11 wandermom February 17, 2010 at 1:32 pm

That lentil soup looks just yummy. Thanks for including the recipe. Even this reluctant cook may have to give that a try…

12 lo February 17, 2010 at 7:09 pm

Lentils and spinach — made for each other, really. I love a good, hearty lentil soup during this time of the year. And French lentils are always a treat. Gorgeous meatless meal!

13 Supriya Raman April 27, 2010 at 6:16 am

It is so good to read this post! I am a vegetarian, born and brought up in India. I’ve been in the US for 10 yrs now and have kept up my habit of not eating meat. I also think cuisines of the eastern world are more ‘vegetarian friendly’ than the western world can sometimes be, hugely attributed by the culture and the weather. But it is great to find such blogs about creating awareness. I like that you mentioned it is not about becoming vegetarian full time but just about exploring other options once in a while. I recently did the 21 day vegan cleanse and it made me feel so good health wise. My blog is all about giving options and variety if you want to be vegetarian and I am very happy to see that I am not alone.

14 jeannette October 14, 2010 at 4:06 am

I recently visited London (Ravenscourt) where a small cafe on Kings Street seved green lentil soup. It was the best soup I think I have ever tasted.

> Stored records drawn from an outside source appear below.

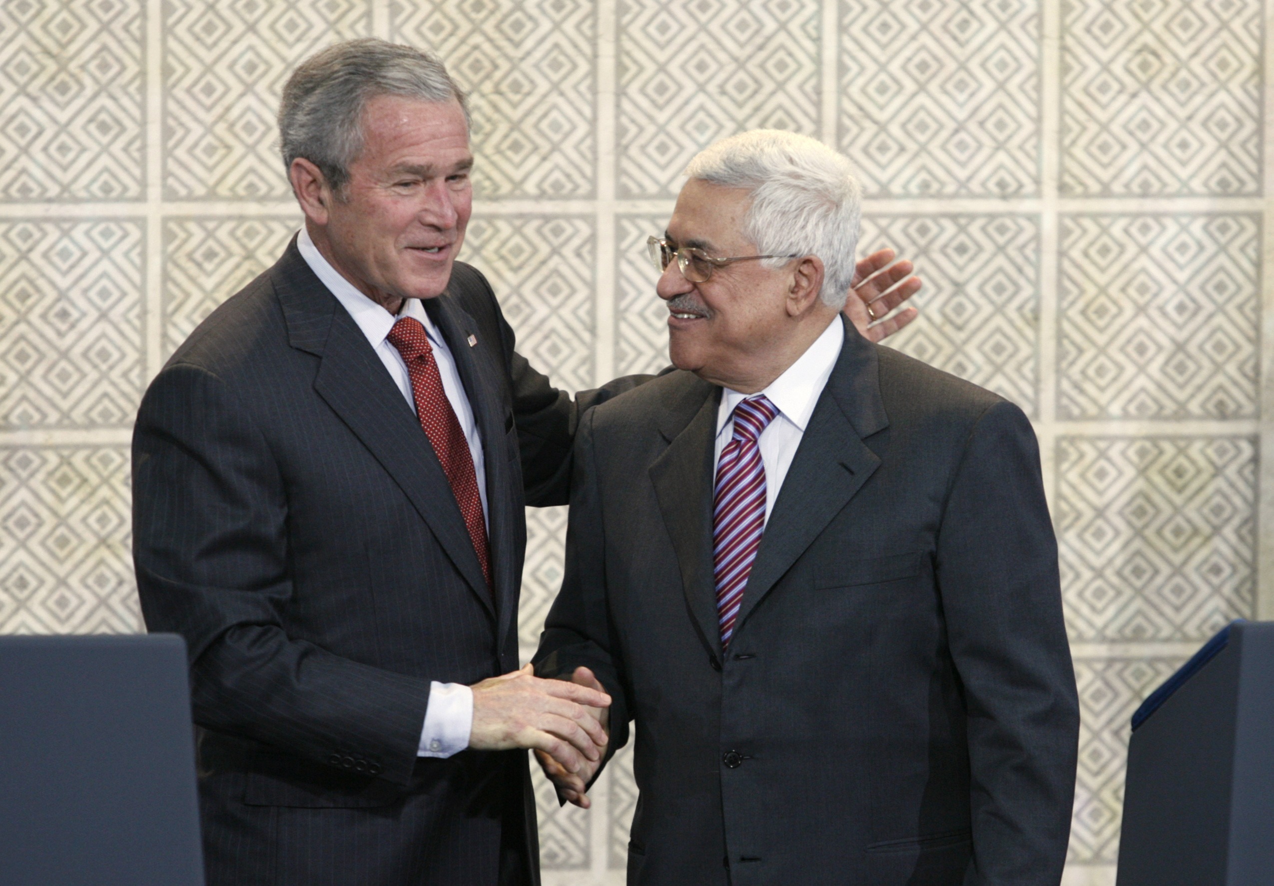 | U.S. President George W. Bush (L) and Palestinian President Mahmoud Abbas leave after a joint news conference at the Palestinian Authority headquarters in the West Bank city of Ramallah January 10, 2008. [Agencies] |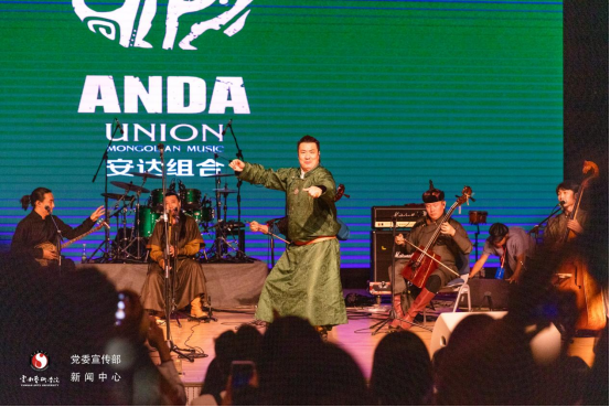 音乐会压轴出场的是来自内蒙古艺术公司的安达组合,蒙古族长调和呼麦艺术仿佛将观众带到了草原。安达组合是蒙古族草原音乐走向世界的一个典范,用其独特的演唱风格以及纯熟的演奏技巧诠释了民族音乐中“艺”与“术”的非凡魅力。《幸福的牧马人》《小草》《江格尔英雄赞》是安达组合带来的三首音乐作品,他们用精湛的技艺展示了蒙古族音乐千姿百态的神奇面貌和永恒不朽的生命活力。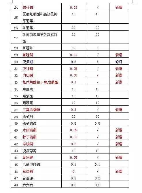2016版限量标准规定了48项农药在茶叶中的限量要求,相比2014版标准限量要求增加了20项。除新增了20项农药残留限量外,新版标准中还对灭多威的限量要求进行了修订,由2014版的3mg/kg降为2016版的0.2mg/kg。

Your reciepe looks similar so I am going to try to cook it myself. I will let you know the outcome.

15 Lady Amalthea February 8, 2011 at 12:06 pm

As someone who’s recently started living (and cooking for) a vegetarian, I totally appreciate Meatless Mondays. And lentils are my favorite go-to protein these days. Next time I make lentil soup, I’m definitely trying the addition of your cilantro/lime yogurt. Yum! Here’s my version:

16 Marie February 21, 2011 at 3:28 pm

This is just what I was looking for! By the way, I’m doing a 3 wk. cleanse as well right now, but I just started (Standard Process Cleanse). 2 more weeks to go… This looks delicious. Thank you!

17 formerchef February 21, 2011 at 3:47 pm

You’re welcome and good luck with your cleanse!

18 Brandi August 6, 2013 at 8:36 am

I’m a crock pot junkie by nature. I have very little time to make dinner with a 2 year old who expects dinner about 20 minutes after getting home from work/daycare. Is this something that you think would work in the crock pot?

19 formerchef August 6, 2013 at 11:11 pm

Probably, but keep in mind that lentils cook much faster than other beans and peas. You could end up with mush if you let it go too long. Why not try making it on a weekend first so you can watch it?

20 formerchef February 15, 2010 at 8:59 am

I know! These type of lentils are perfect for cold salads too.